Разве не понятно, сноб ты этакий, что сейчас ты рассказал великолепное эссе? Напиши, идиот, текст о плавании с арбузом. Как ты не понимаешь, насколько он прекрасен. Что бы ни отдали Рэндаллы, чтобы пережить такое приключение. Не носились бы они тогда по нашим рынкам и не таскались по курятникам в надежде набрести на нечто необычное.
Рассердившись, что Владо не идет на серьезный разговор, Милан вскоре начал закипать. Слушай, по сравнению с ними мы с тобой два тоскливых горемыки. Из нас бьют ключом страдание и горе. От нас несет нищетой и тесными квартирками. Я просто вижу, насколько они свободны, естественны, ничто их всерьез не заботит. Они могут себе это позволить. Им пристало быть душевно открытыми, угождать своему любопытству, питать его. А мы с тобой? Все время немного голодные. Ищем только, где бы добыть пропитание. Мы наедаемся назад и вперед, чтобы утолить прошлые и будущие нехватки. Только и делаем, что сужаем поле деятельности, якобы чтобы приобрести максимальную специализацию. У нас есть специалисты по мостостроению, которые не умеют читать. У нас, если кто-то хорошо умеет посчитать какую-нибудь сложнейшую формулу, но не в состоянии написать и двух строк, то это считается нормальным, говорят, это не его специальность. А что же его специальность, спрашиваю, как же это он профессионально реализуется, только цифрами. Должен же он, хоть когда-то, и слово молвить. Опять же, если может что-нибудь написать, то обязательно ищет консультантов для решения мало-мальски сложных задач, таких как, например, сколько будет шестью девять. Это и есть наша знаменитая специализация. Есть специалист по печени, который вообще не обязан знать, что у людей бывают зубы. Что ты на меня уставился?
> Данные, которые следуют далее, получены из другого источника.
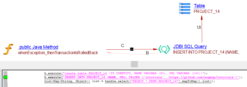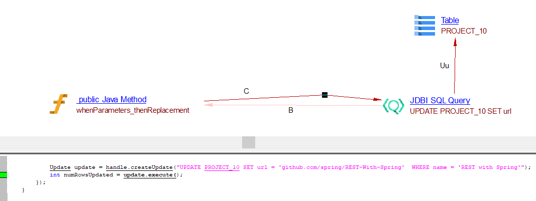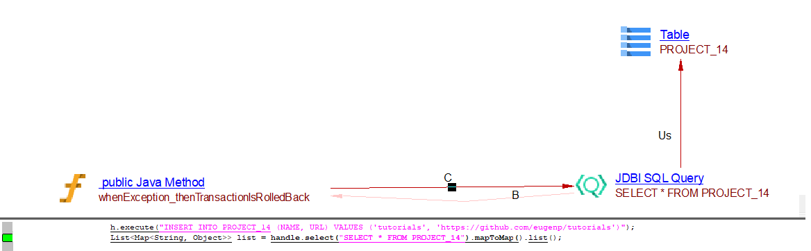 | useLink | JDBI SQL Query | Table, View | Created by SQL Analyzer when DDL source files are analyzed |

Послушай, Милан, теперь серьезно. Если эти англичане и дальше продолжат пить из тебя кровь, я буду вынужден найти для них осиновый кол побольше, а может, и два. Давай, приводи их как-нибудь ко мне на кофе, чтобы я вблизи рассмотрел, что это за люди. Пусть свободно приходят, вот так, спонтанно, только в этом случае пусть захватят с собой и кофе. Хотя, лучше будь холодным и деревянным и сообщи мне заранее.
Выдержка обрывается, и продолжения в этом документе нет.